Not the invisible cities of Italo Calvino but settlements hiding in plain sight under the veil of official definitions and inadequate data. That is only one of the dramatic and far reaching findings of ‘Africa’s Urbanisation Dynamics’, published by the OECD in February. It is the latest report coming from Africapolis, an initiative started by the African Development Agency and funded by a range of agencies including the French National Research Agency.
Understanding urbanisation in Africa has long been difficult and at times controversial. The balance between growth and decline, the role of rural migration and natural increase have all been problematic due to the inadequacy of data on the one hand and the diverse and often politically inspired categorisation of ‘urban’ across the continent.

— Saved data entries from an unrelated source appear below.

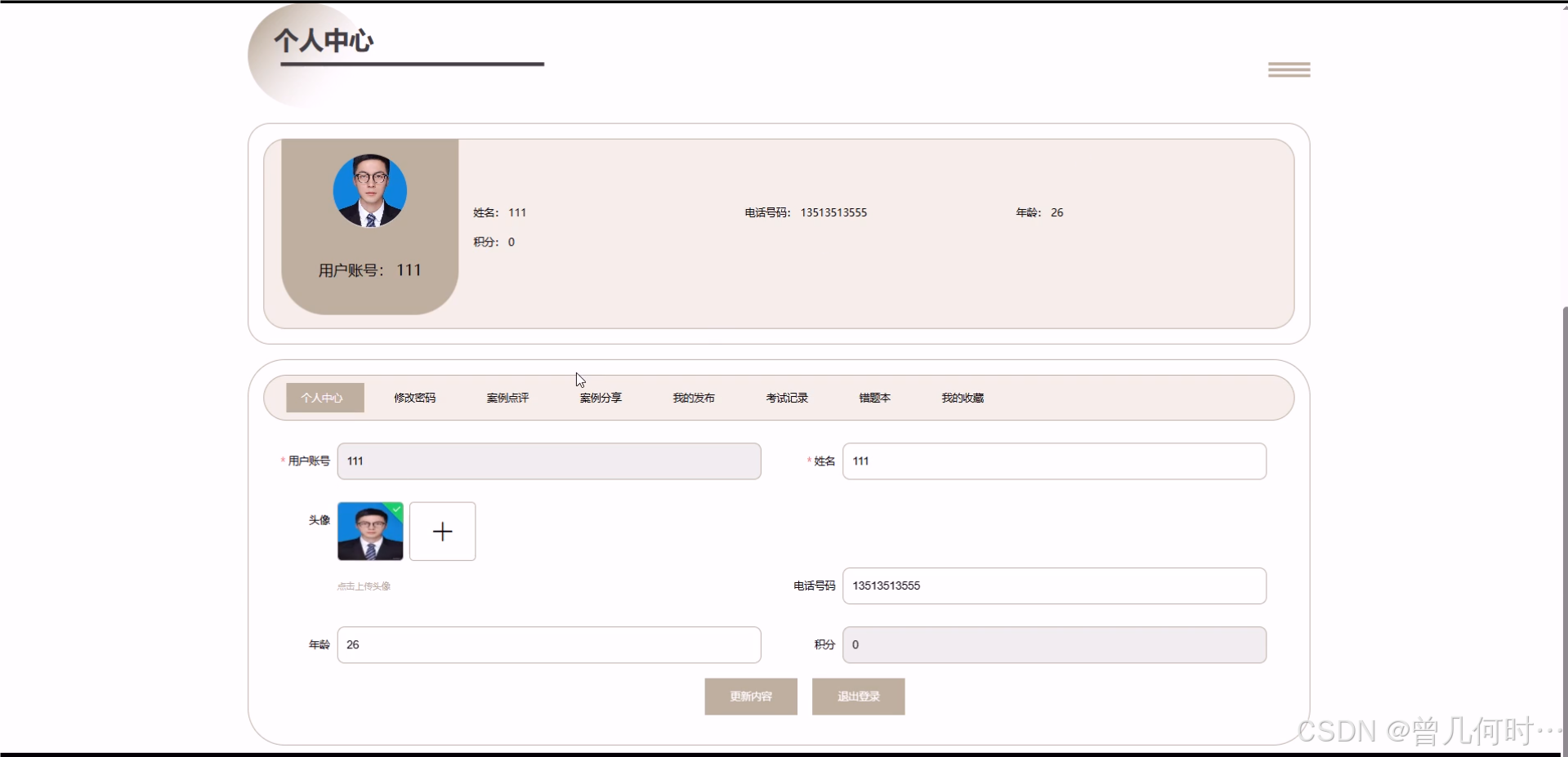 用户的个人中心
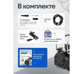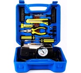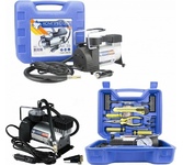 Мощность – 150 Вт. Максимальная сила тока – 15 А. Максимальное давление – до 10 кг/см2 (140PSI/10Bar) Производительность – до 35 л/мин. Шнур питания – 2,7 м. Воздушный шланг – 1 м. Пластиковый кейс для хранения и переноски Питание от гнезда прикуривателя Комплект насадок-переходников – 3 шт. Встроенный в штекер питания предохранитель Набор инструментов: плоскогубцы удлиненные – 1 шт., отвертка плоская – 1 шт., отвертка крестообразная – 1 шт., нож с выдвижным лезвием – 1 шт., спиральный рашпиль – 1 шт., шило- 1 шт., жгуты армированные – 3 шт., клей-активатор – 1 шт. Цвет- серебро Напряжение питания — 12В. Состав: металл, пластик
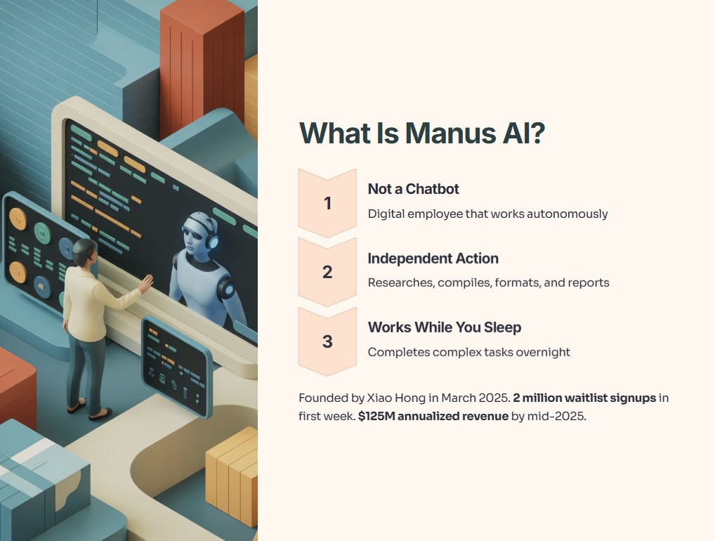 The company was founded by Xiao Hong in March 2025, came out of stealth, and immediately caught fire. Within its first week, over 2 million people joined the waitlist. By mid-2025, Manus had achieved an annualized revenue run rate of $125 million. For context, that’s faster than most SaaS unicorns.
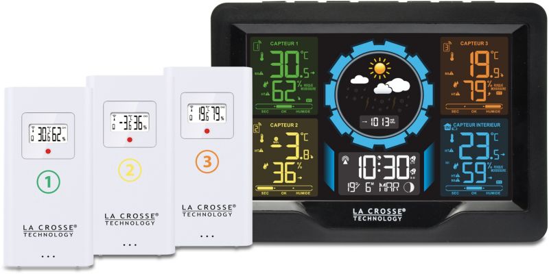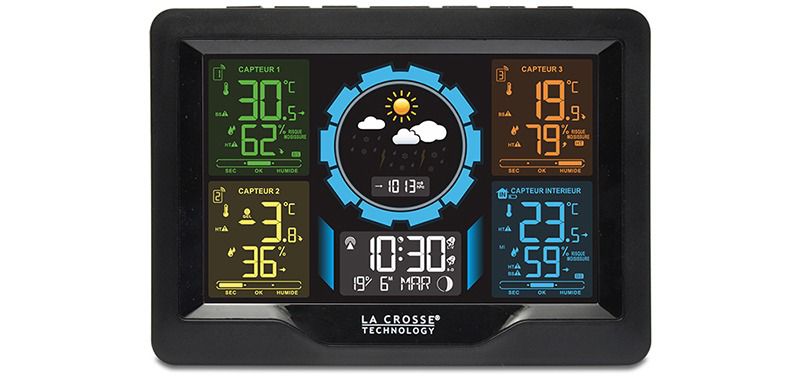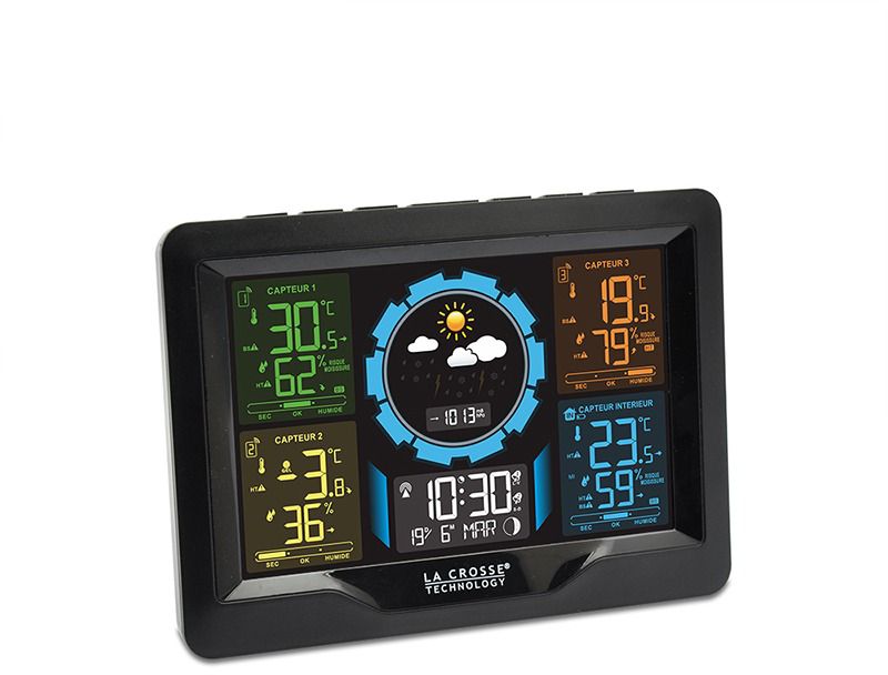 - Détail des indications : Prévisions météo: Oui, Pression atmosphérique, Température intérieure, Température extérieure, Indicateur de température Mini et Maxi, Hygrométrie: Intérieure et extérieure
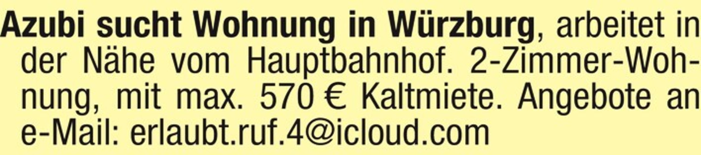 Azubi sucht Wohnung in Wrzburg, arbeitet in der Nhe vom Hauptbahnhof. 2-Zimmer-Wohnung, mit max. 570 Kaltmiete. Angebote an e-Mail: erlaubt.ruf.4@icloud.com
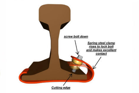 This type of rail bond is used as a temporary or stationary connection of cables to the rail.
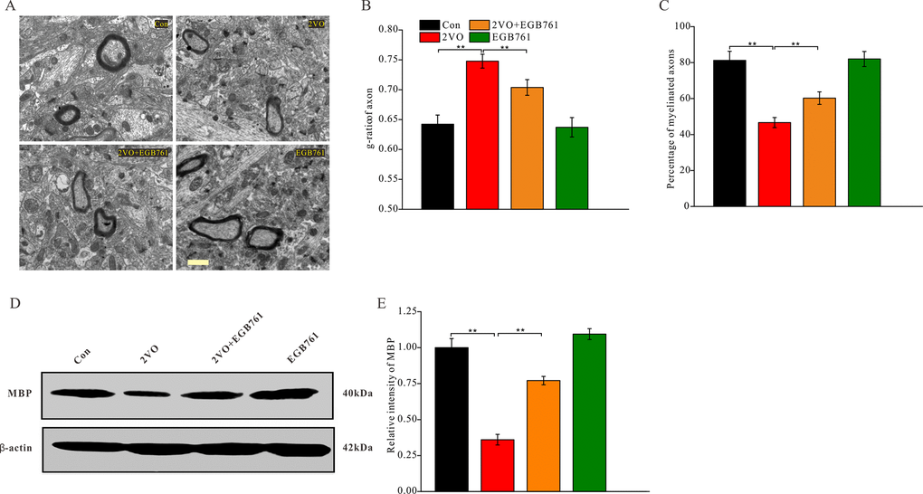 Axon demyelination might impair cognition by reducing the transmission velocity of neural signals. The alterations in axon myelination after CCH were investigated with a TEM (Figure 7A). The axon myelination analysis showed that 2VO group had the higher g-ratio, but 2VO+EGB761 group demonstrated lower g-ratio than 2VO group (P < 0.01) (Figure 7B). The lower percentage of myelinated axons in 2VO group was less over control group, but 2VO+EGB761 group exhibited higher percentage of myelinated axons than 2VO group (P < 0.01) (Figure 7C). These implied that CCH induced axon demyelination, and that EGB761 treatment could prevent it. Myelin basic protein (MBP) is the main constituent protein of the myelin sheath of CNS. To further validate axon demyelination, MBP protein level was detected with western blotting (Figure 7D). 2VO group had less MBP protein level than control group, but 2VO+EGB761 group had more MBP protein than 2VO group (P < 0.01) (Figure 7E). These findings further clarified that EGB761 could prevent CCH-induced axon demyelination.
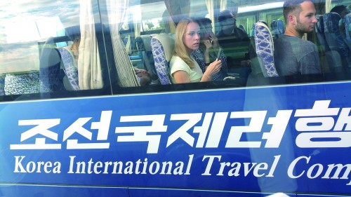 西方游客在旅游大巴上透过车窗看平壤。 |
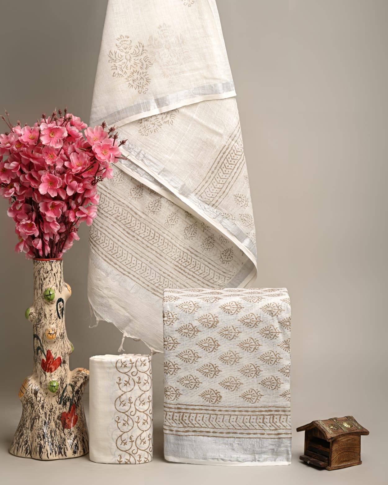 Elevate your ethnic wardrobe with this exquisite Hand Block Printed Linen Suit Set from Blockart. Crafted from premium linen cotton fabric, this set exudes elegance and charm. The intricate hand block printing showcases traditional floral and vine-like patterns, adding a touch of artisanal craftsmanship to your ensemble. The silver border detailing on the dupatta enhances its beauty, making it perfect for special occasions or casual wear. Experience the comfort and style of this handcrafted ensemble that reflects the rich Indian heritage.

That a better understanding of the process of urbanisation is crucial for planning policy and practice is self-evident. It is well recognised that the future of the globe is urban. Already past 50%, it is inevitable that the level of urbanisation will increase rapidly and finding effective urban solutions is urgent and imperative to address the climate and environmental crises. As this is a global effort to which the RTPI is fully committed, planners in the UK need to be as fully aware as possible of the variety of global experiences. This will inform UK planning but also crucially those UK bodies that seek to assist Africa to implement the New Urban Agenda and to meet the SDGs.
The headline figures of urbanisation are startling. The population of Africa is forecast to double by 2050 and two thirds of that growth - an additional 950 million people - will take place in urban areas. As there have been many misconceptions about urban Africa, it is vital that there is a deep understanding of the spatial, social, environmental and economic implications of this scale and pace of growth. If that is not the case there is a very high risk of perpetuating and exacerbating the endemic inequalities, leading to a failure to address climate warming.
Africapolis sets out to circumvent these complicating issues by starting from the ground up in adopting a systematic and consistent definition of urban, combining that fundamental assumption with an unprecedented database of available census data and a state of the art geographic information system which draws on comprehensive satellite imagery. Crucially, it ignores official definitions of ‘urban’ and ‘city’ and sets criteria in order to define ‘built up areas’. As a result, it reveals urban areas not recorded as such — the Invisible Cities — some of which have a population of more than one million (eg Onitsha, Nigeria) . It also identifies, possibly for the first time in a formal sense, the process of ‘in situ urbanisation’. This is how it describes the often rapid transformation of low density rural areas into authentically urban ‘agglomerations’, a process that, contrary to some preconceptions, takes place in the absence of rural migration. It stresses that it is increasingly difficult to distinguish between urban and rural in many areas. Some so-called rural areas turn out to have densities equal to US and European agglomerations.
While acknowledging the scale of the larger historical cities of Africa, it highlights on the one hand their dominance in the urban hierarchy, known as ‘primacy’, but at the same time the growth and importance of ‘small cities ‘ some of which, under official criteria, are not recognised as such. In fact more than half of the urban agglomerations identified by Africapolis do not conform to any official urban definition and several hundred do not appear on maps. The World Urbanisation Prospects (UN) lists 222 agglomerations of over 300,000 in population. Yet these represent only 3% of those agglomerations identified in this report. The UN yearbook has a threshold of 100,000 which covers just 10% of the urban population in Africa. Kinshasa is a startling example of the role of perception — it is either the least dense large city on the continent, on an administrative definition; or one of the most dense, on a morphological definition.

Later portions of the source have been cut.